Crowe, who is currently promoting his directorial debut The Water Diviner has spoken of how the film is based on the now obsolete Australian man of his childhood.
"Men like that are vanishing now," he told the Sunday Times Magazine, "but were everywhere when I was a kid: the archetypal Australian man who appears stuck in his ways but is, in fact, quite an open person, willing to see people for who they are.
"That was the Australian I aspired to be. The pubs my dad ran were full of them."
Crowe, 50, also responded to criticism of "sexist" beliefs after he said that the 40-something woman wasn't able to get the parts she wants because "she still wants to play the ingénue and can't understand why that isn't happening".

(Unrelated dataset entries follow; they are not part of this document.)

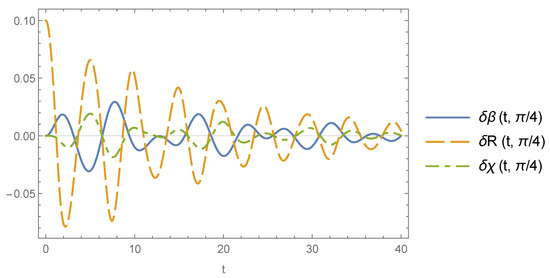 The result of calculations are presented in Figure 2. One can see the gradual damping of the oscillations of all sorts. The dumping similar to those shown in Figure 2 occurs for all angles . The Hubble friction term leads to the damping of perturbations and stabilization to a stationary configuration.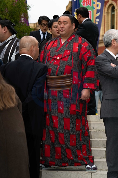 The rikishi participating in The Grand Sumo Tournament, alongside representatives from the Japan Sumo Association (Sumo Kyokai), are photographed outside the Royal Albert Hall ahead of the tournament commencing this evening. The Grand Sumo Tournament takes place at the Royal Albert Hall between 15–19 October 2025, marking only the second time Japan's iconic sport has visited the UK, following the previous event in 1991. Shot in London, UK, on 15th October 2025., Credit:Oleksii Ovcharenko / Avalon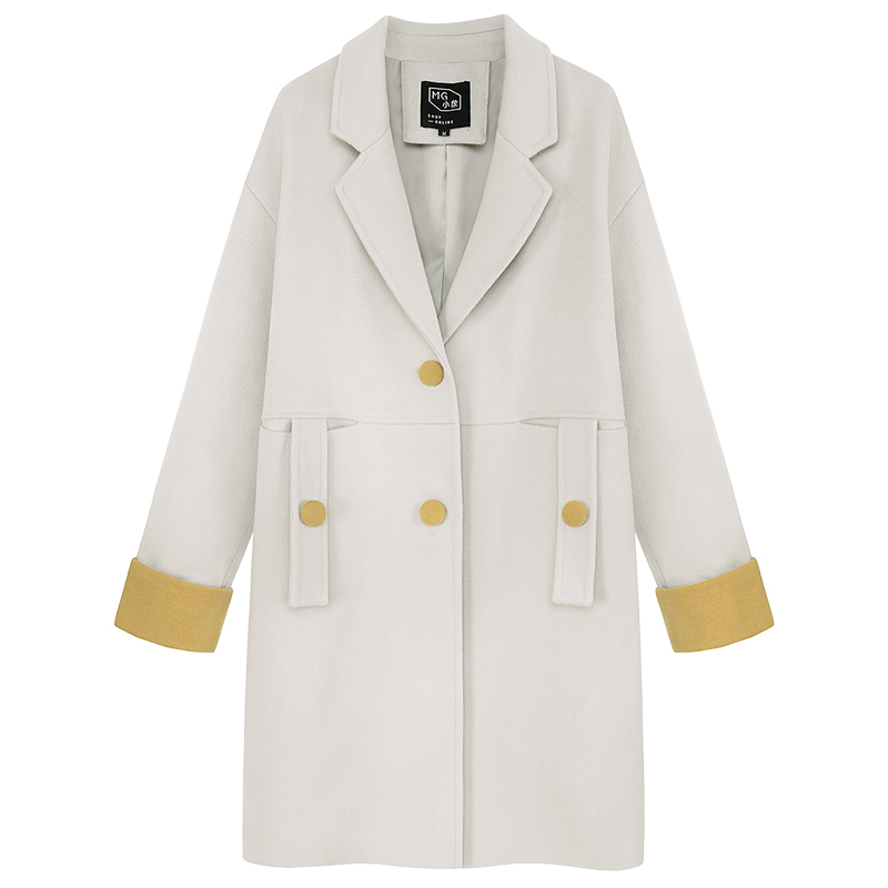 MG小象中長款毛呢外套女時尚寬松顯瘦冬季新款2018流行呢子大衣潮

He clarified his comments, saying: "There's a certain percentage of vanity that is unhealthy in my business, and it affects both sexes. You see it with men, dyeing their hair into their sixties, pretending they don't have grey hair, or having plastic surgery and using sun lamps. I'm not that guy."
Crowe recently said he empathised with embattled Top Gear host Jeremy Clarkson, who allegedly punched a producer when he wasn't served a steak.
Speaking on the Jonathan Ross Show, Crowe said: "If he’s been head down, a*se up working and he’s requested one little thing which is to be able to eat at the end of the day then I can understand why he’d get upset."